▶ [DIRECTIONS]: The lines below from the one with "We reviewed the" up to and including the one with "PDO (Polydioxanone) threads" are what you should set down, exactly and without pictures.

▶ [EXERCISE MATERIALS]:
▼▼▼
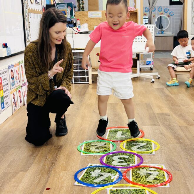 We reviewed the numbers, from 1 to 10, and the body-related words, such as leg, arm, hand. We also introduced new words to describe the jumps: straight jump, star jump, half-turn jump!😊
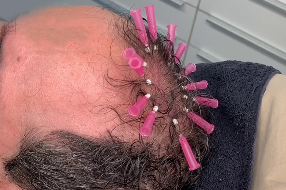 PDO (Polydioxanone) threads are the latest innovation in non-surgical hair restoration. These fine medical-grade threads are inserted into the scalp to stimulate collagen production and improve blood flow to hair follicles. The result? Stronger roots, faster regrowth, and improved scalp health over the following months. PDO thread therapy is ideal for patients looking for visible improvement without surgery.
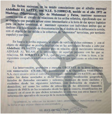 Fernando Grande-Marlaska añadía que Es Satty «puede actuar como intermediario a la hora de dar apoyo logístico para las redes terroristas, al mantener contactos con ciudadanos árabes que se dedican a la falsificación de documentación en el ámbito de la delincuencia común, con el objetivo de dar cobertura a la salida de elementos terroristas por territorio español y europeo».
▲▲▲
▼▼▼
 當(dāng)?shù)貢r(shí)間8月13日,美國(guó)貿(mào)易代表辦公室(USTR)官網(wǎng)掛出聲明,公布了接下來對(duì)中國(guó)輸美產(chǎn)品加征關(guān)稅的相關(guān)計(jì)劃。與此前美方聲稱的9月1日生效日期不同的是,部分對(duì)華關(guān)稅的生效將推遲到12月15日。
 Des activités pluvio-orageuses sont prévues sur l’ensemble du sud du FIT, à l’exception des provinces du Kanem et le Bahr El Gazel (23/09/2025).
▲▲▲
▶ [EXERCISE ANSWER]:
 We reviewed the numbers, from 1 to 10, and the body-related words, such as leg, arm, hand. We also introduced new words to describe the jumps: straight jump, star jump, half-turn jump!😊
 PDO (Polydioxanone) threads are the latest innovation in non-surgical hair restoration. These fine medical-grade threads are inserted into the scalp to stimulate collagen production and improve blood flow to hair follicles. The result? Stronger roots, faster regrowth, and improved scalp health over the following months. PDO thread therapy is ideal for patients looking for visible improvement without surgery.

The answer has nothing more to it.